**DATASET:**
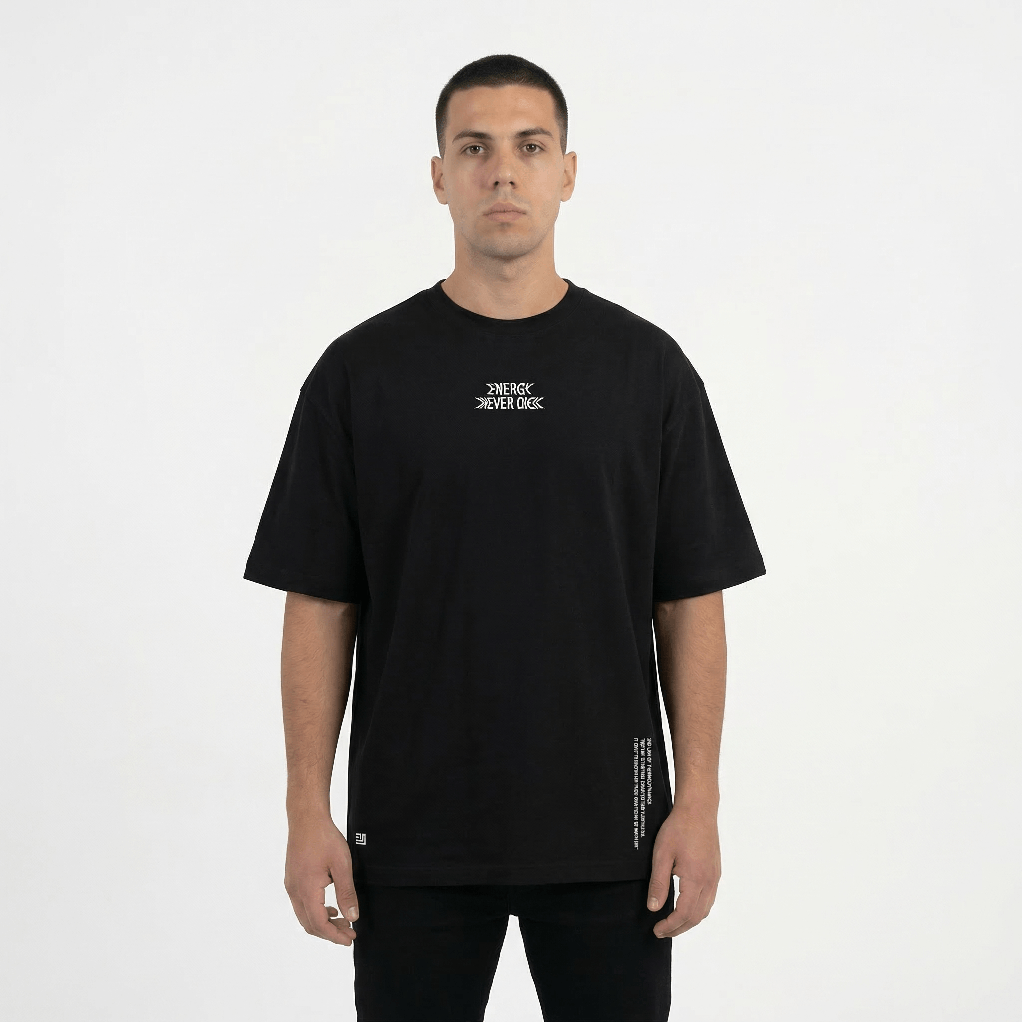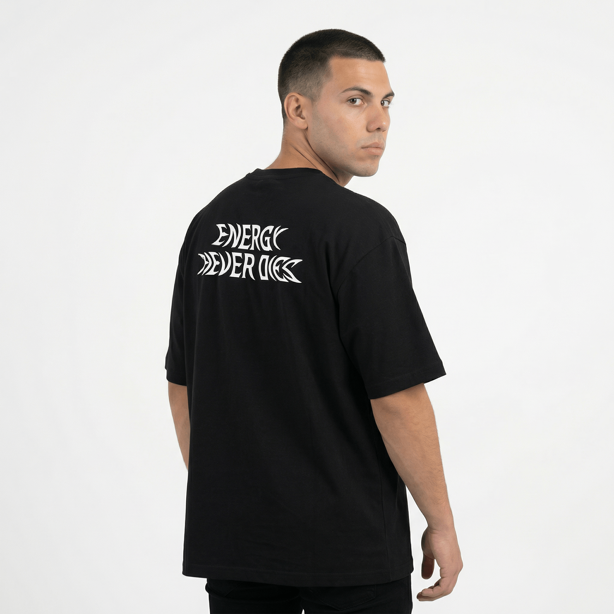 Olvida lo convencional. Esta no es una camiseta oversize negra hombre más. Es el emblema de tu energía interna; la fuerza que te sostiene cuando otros ceden. La ‘Energy Never Dies’ es más que una prenda: es una declaración de principios que se manifiesta en tu espalda.
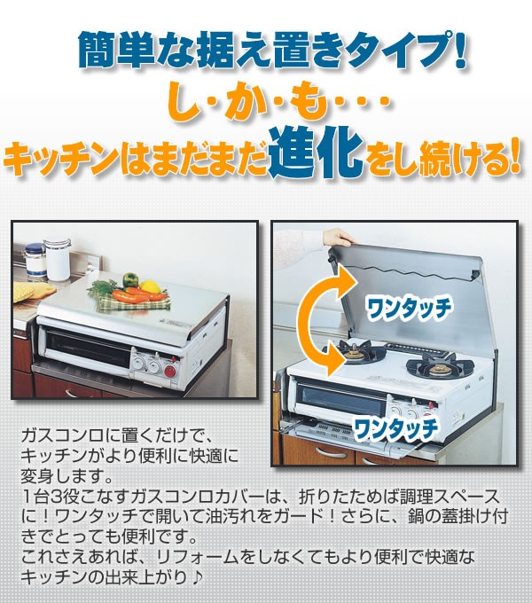 | 1台3役こなすガスコンロカバーは、折りたためば調理スペースに!ワンタッチで開いて油汚れをガード!さらに、鍋の蓋掛け付きでとっても便利です。これさえあれば、あなたのキッチンはまだまだ進化します!※ガスコンロカバーのみのお届けとなっております。 |
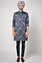 Featuring a medium blue kurta in linen satin base with striped piping details and tonal print. This contains one piece only.
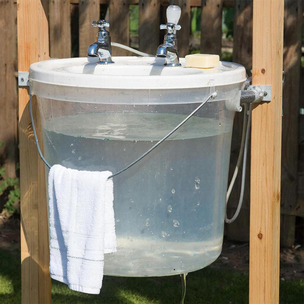 Самый простой способ — установить настоящий кран. Для этого на канистре необходимо создать аккуратное отверстие (диаметром, соответствующим крану) на высоте 5-7 см от дна. Подходящие краны продаются в садоводческих магазинах и обычно пластиковые с ручкой. Герметичность обеспечивают резиновые или силиконовые шайбы, которые устанавливаются с обеих сторон канистры. Наконец, кран затягивается фиксирующей гайкой. Такой умывальник будет крайне удобным: открыл кран — вода потекла, закрыл — она остановилась.
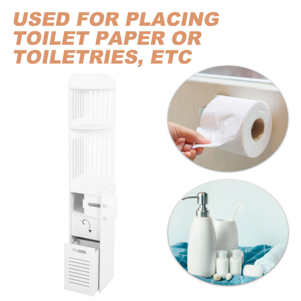 Free Standing Toilet Paper Roll Holder Stand Wood Bathroom Storage Cabinet White

**TRY IT:** Could you write the entries out again exactly, without their pictures?

**REPLY:**
 Olvida lo convencional. Esta no es una camiseta oversize negra hombre más. Es el emblema de tu energía interna; la fuerza que te sostiene cuando otros ceden. La ‘Energy Never Dies’ es más que una prenda: es una declaración de principios que se manifiesta en tu espalda.
 | 1台3役こなすガスコンロカバーは、折りたためば調理スペースに!ワンタッチで開いて油汚れをガード!さらに、鍋の蓋掛け付きでとっても便利です。これさえあれば、あなたのキッチンはまだまだ進化します!※ガスコンロカバーのみのお届けとなっております。 |
 Featuring a medium blue kurta in linen satin base with striped piping details and tonal print. This contains one piece only.
 Самый простой способ — установить настоящий кран. Для этого на канистре необходимо создать аккуратное отверстие (диаметром, соответствующим крану) на высоте 5-7 см от дна. Подходящие краны продаются в садоводческих магазинах и обычно пластиковые с ручкой. Герметичность обеспечивают резиновые или силиконовые шайбы, которые устанавливаются с обеих сторон канистры. Наконец, кран затягивается фиксирующей гайкой. Такой умывальник будет крайне удобным: открыл кран — вода потекла, закрыл — она остановилась.
 Free Standing Toilet Paper Roll Holder Stand Wood Bathroom Storage Cabinet White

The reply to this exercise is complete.